Анна Матвеева — автор романов «Перевал Дятлова, или Тайна девяти», «Есть!» и «Каждые сто лет», сборников рассказов «Лолотта и другие парижские истории», «Спрятанные реки», «Катя едет в Сочи», а также книг «Горожане» и «Картинные девушки».
В романе «Завидное чувство Веры Стениной» рассказывается история женской дружбы‑вражды. Вера, искусствовед, мать‑одиночка, постоянно завидует своей подруге Юльке. Юльке же всегда везет, и она никому не завидует, а могла бы — той же Вере, ведь она обладает уникальным даром — по‑особому чувствовать живопись: разговаривает с портретами, ощущает аромат нарисованных цветов и слышит музыку, которую играют изображенные на картинах артисты...
Роман многослоен: анатомия зависти, соединение западноевропейской традиции с русской ментальностью, легкий детективный акцент и — в полный голос — гимн искусству и красоте.

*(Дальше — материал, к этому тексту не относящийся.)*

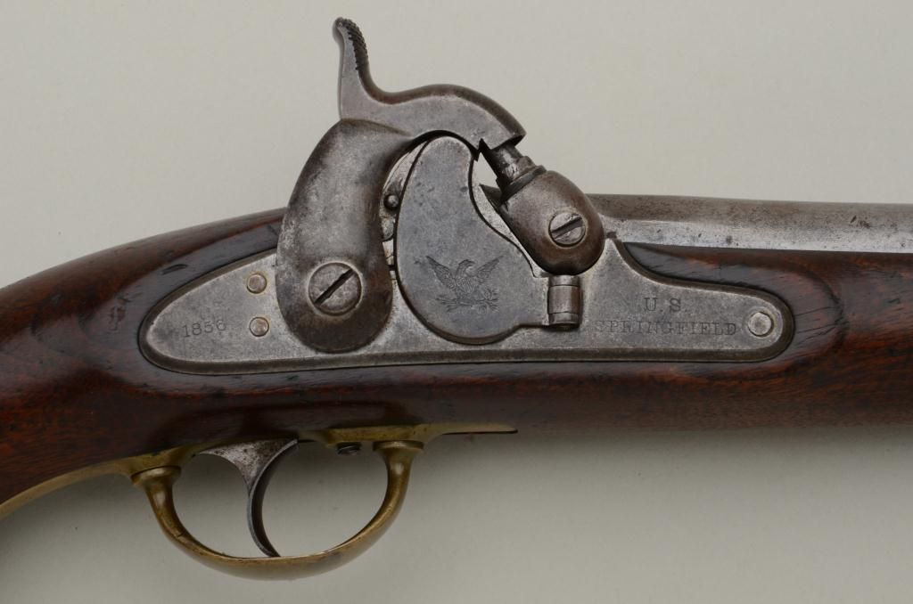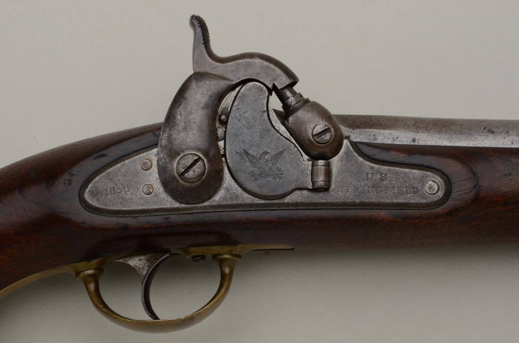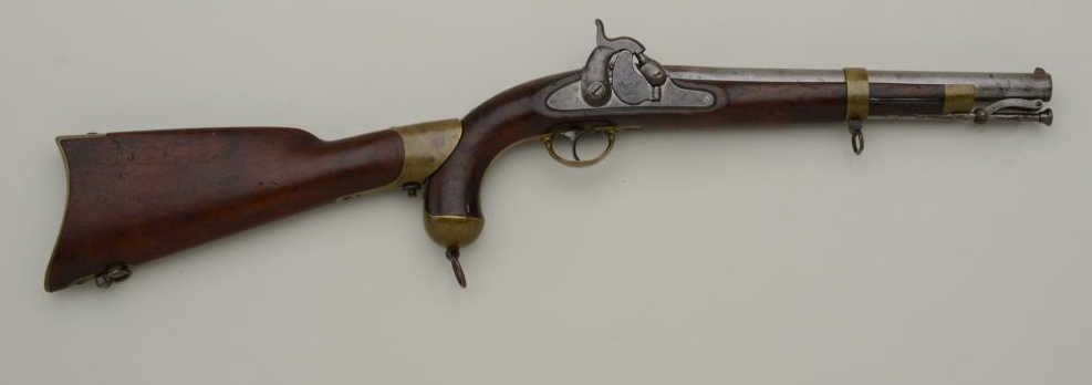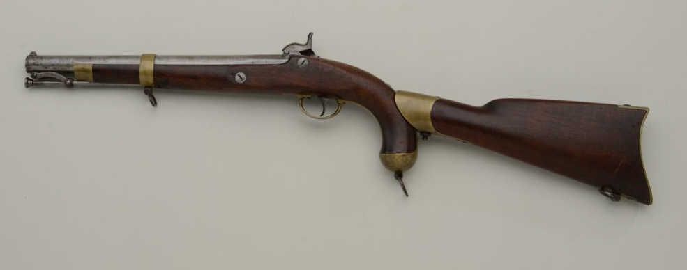 Springfield Model 1855 pistol carbine with original shoulder stock, .58 caliber, 12” round barrel remaining in good to very good original condition. The metal surfaces show a light gray patina finish with some minorscattered pitting and erosion. The Springfield Eagle on primer door is fully visible and fairly crisp, the lock markings are very good and the rear of the lock shows the date of 1856. The tang area shows 1855and the left side of the breech shows a clear VP and Eagle proof. The wood is good to very good with a couple of small losses, one large chip from left side of stock near band and no visible cartouche. The stock is marked US on the butt plate and is serial numbered 3 which is an assembly or batch number. The stock shows some dings and mars and is at least very good. The stock matches the condition of the pistol well. The ramrod andthe small parts are all original. The rear sight is original. The pistol cocks and operates well. A strong 7+ on 1 to 10 scale. Est.: $3,000-$6,000.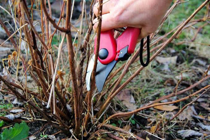 У малины — вырежьте отплодоносившие побеги, а у ремонтантной — всю надземную часть (но только после наступления холодов).

«История о женской дружбе, граничащей с острой завистью (если не ненавистью), наполнена изящной игрой слов, а заодно может служить отличным пособием по истории искусств: строя образ своей героини, Матвеева показывает, как нужно правильно смотреть на шедевры живописи, изображение превращается в набор звуковых, цветовых и тактильных метафор».Константин Мильчин, литературный критик, шеф‑редактор Storytel
«У Матвеевой удивительный — и, опять‑таки, чисто кортасаровский — дар оставлять в повествовании значимые пустоты, в результате чего само повествование приобретает поэтическую эллиптичность, да простится мне мой французский. И простая мысль о том, что от судьбы не уйдешь (да и от смерти тоже) и в Америку не уедешь, звучит в этом контексте неожиданно убедительно, свежо и щемящее».Виктор Топоров
«Не процитировав ни одного политического лозунга и ни разу не упомянув модное слово „гендер“, автор показывает, как гендер убивает».Елена Георгиевская
«Она умеет как‑то так вывернуть сюжет, вставить фразу, ускорить/замедлить действие, что в повествовательной ткани возникают щемящие паузы и пустоты, приобретающие новый смысл. Это высший класс, настоящая практическая магия, хотя пишет Матвеева о журналистах, студентах, учителях — словом, о людях, которые и составляют круг общения благополучной горожанки».Владислав Толстов
«А ведь в некоторые полотна ей очень хотелось войти — как входят в реку жарким днем. И далеко не всегда это были уютные пейзажи. Несчастный блудный сын у Рембрандта падает в объятия отца так, будто это объятия Бога — вечный приют. Вера, глядя на картину, стоя перед ней в добровольном почетном карауле, всякий раз чувствовала головокружение — ей хотелось упасть на колени вместе с этим износившимся, промотавшим свою жизнь человеком, — упасть вместо него, и чтобы ее точно так же обняли, прижали к себе и простили. Рембрандт писал эту картину в конце жизни — на самом деле блудный сын не возвращается домой, а умирает, и его принимает не отец, а Бог — без всяких „будто“. Действие невозможно удержать на холсте и ограничить рамой — настоящим мастерам не требуются уловки, чтобы зритель почувствовал себя соучастником».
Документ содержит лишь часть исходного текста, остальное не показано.